DATA FOR ANALYSIS:
——————————

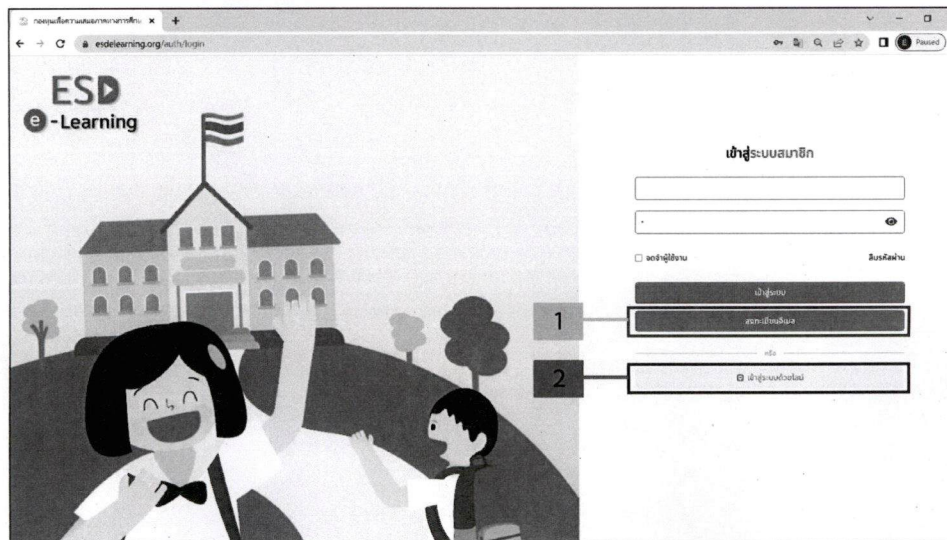
ภาพที่ 1 หน้าเข้าสู่ระบบสมาชิก

ในการเข้าใช้งานครั้งแรก ผู้ใช้สามารถเลือกช่องทางการเข้าใช้งาน ได้ 2 วิธี คือ
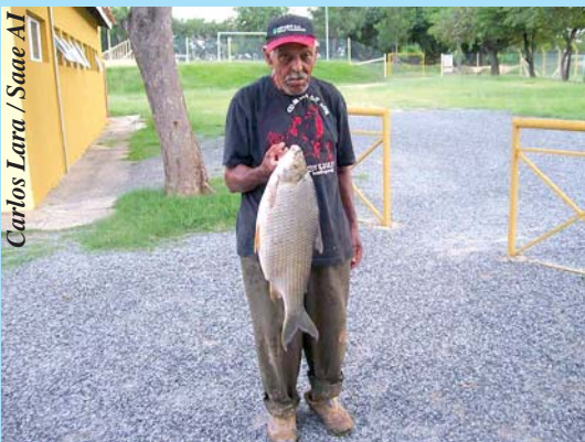
Carlos Lara / Saae AI

Os biólogos do Saae têm constatado que ao longo dos últimos anos, desde que a Estação de Tratamento de Esgoto Sorocaba 1 entrou em operação, em maio de 2005, a concentração de oxigênio do rio Sorocaba aumentou quase cinco vezes, fato que tem possibilitado o repovoamento com peixes de diversas espécies, e principalmente os curimatás.
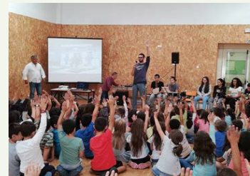
● Alunos MRO2

Abre-te ouvido para os sons do mundo, abre-te ouvido para os sons existentes, imaginados, pensados e sonhados. Abre-te ouvido para a MÚSICA, para o som da flauta, do saxofone, da percussão, do trompete, trombone e de tantos outros instrumentos. Aconteceu no Centro Escolar de Monte Redondo com a visita dos músicos/alunos e professores da Escola de Música da Filarmónica Nossa Senhora da Piedade, que fizeram uma apresentação musical para todos os alunos. Aprendemos os nomes dos diferentes instrumentos, as suas características e ouvimos o seu som. Neste dia, abrimos os nossos ouvidos, mexemos o nosso corpo e aprendemos que a música nos ajuda na concentração, na memória, na criatividade, na comunicação e principalmente ajuda-nos a sorrir.
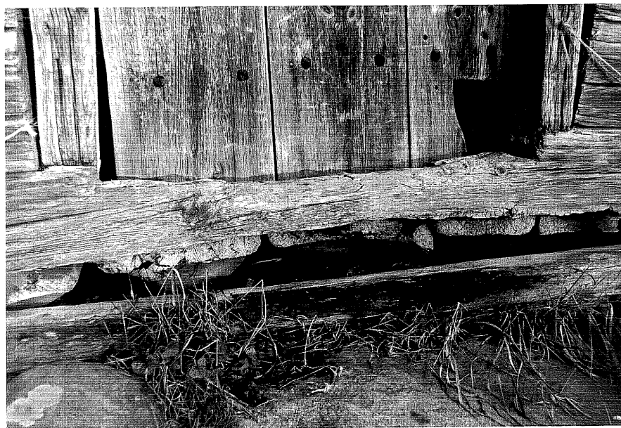
Neg. nr. T 08:27 Detalj av golv och dörr
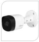
CVI-HAC- B1A21P € 55,00
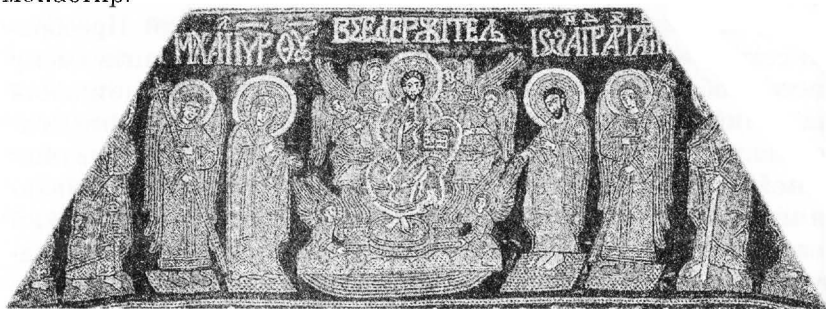
Рис. 5а. Фелонь священника (фрагмент). Невідомий майстер. Середина XVII ст. Оксамит, золоті та срібні нитки. Шиття "за лічбою", гаптування. (Фонди НКПЗ).

настоятеля храму ніс майбутній владика Павел (Лебедь), нині архієпископ Вишгородський, вікарій Київської митрополії, намісник Києво-Печерської Лаври. Рішенням Священного Синоду УПЦ від 28 жовтня 1997 р. при храмі відроджено монастир.
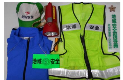
地域安全指導員の引継ぎグッズ
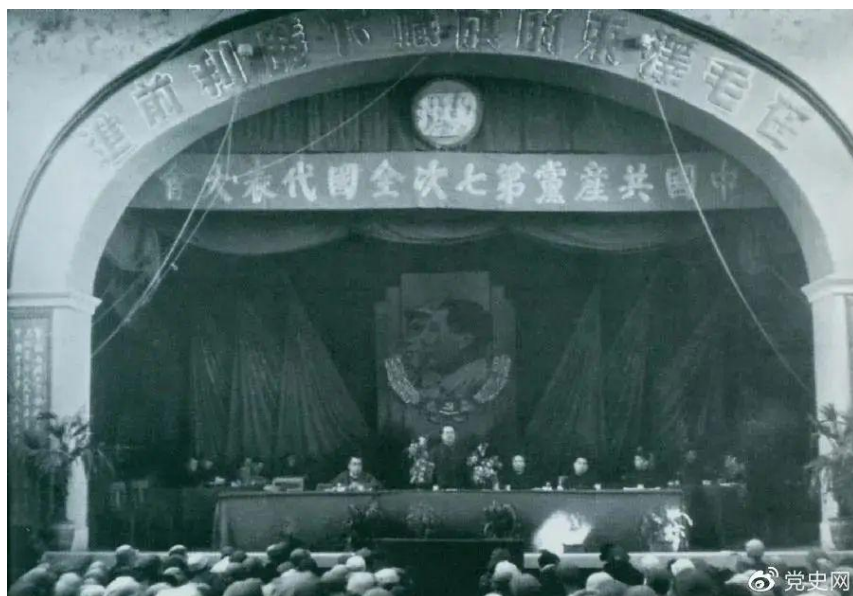
1945年4月23日，中国共产党第七次全国代表大会在延安举行。
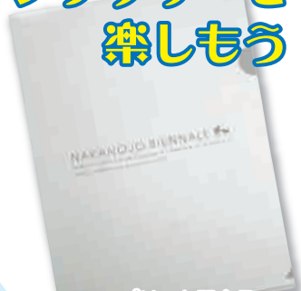
コンプリート記念品 オリジナルクリアファイル

今回、スタンプラリーが復活しました。会場ごとにスタンプのデザインが違うので全制覇したくなっちゃうこと間違いなし。もちろん、コンプリートした人にはオリジナル記念品をプレゼントします。さらにアンケートに答えると温泉宿泊券が当たる抽選にも参加できます。台紙は旧廣盛酒造、旧第三小学校、旧沢渡館、イサマムラ、お蚕さんの里などでもらえます。作品を鑑賞しながら、記念品もゲットして一石二鳥でお楽しみください。
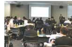
新任教職員研修会
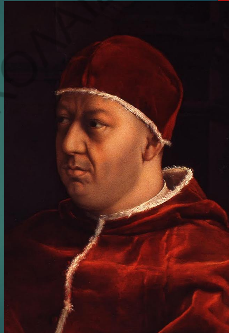
Πάπας ΛΕΩΝ Ι΄

——————————

REQUIRED ACTION:
Only the lines holding the word "concentração" belong in the answer; copy them from the listing above.

TASK OUTPUT:
Os biólogos do Saae têm constatado que ao longo dos últimos anos, desde que a Estação de Tratamento de Esgoto Sorocaba 1 entrou em operação, em maio de 2005, a concentração de oxigênio do rio Sorocaba aumentou quase cinco vezes, fato que tem possibilitado o repovoamento com peixes de diversas espécies, e principalmente os curimatás.
Abre-te ouvido para os sons do mundo, abre-te ouvido para os sons existentes, imaginados, pensados e sonhados. Abre-te ouvido para a MÚSICA, para o som da flauta, do saxofone, da percussão, do trompete, trombone e de tantos outros instrumentos. Aconteceu no Centro Escolar de Monte Redondo com a visita dos músicos/alunos e professores da Escola de Música da Filarmónica Nossa Senhora da Piedade, que fizeram uma apresentação musical para todos os alunos. Aprendemos os nomes dos diferentes instrumentos, as suas características e ouvimos o seu som. Neste dia, abrimos os nossos ouvidos, mexemos o nosso corpo e aprendemos que a música nos ajuda na concentração, na memória, na criatividade, na comunicação e principalmente ajuda-nos a sorrir.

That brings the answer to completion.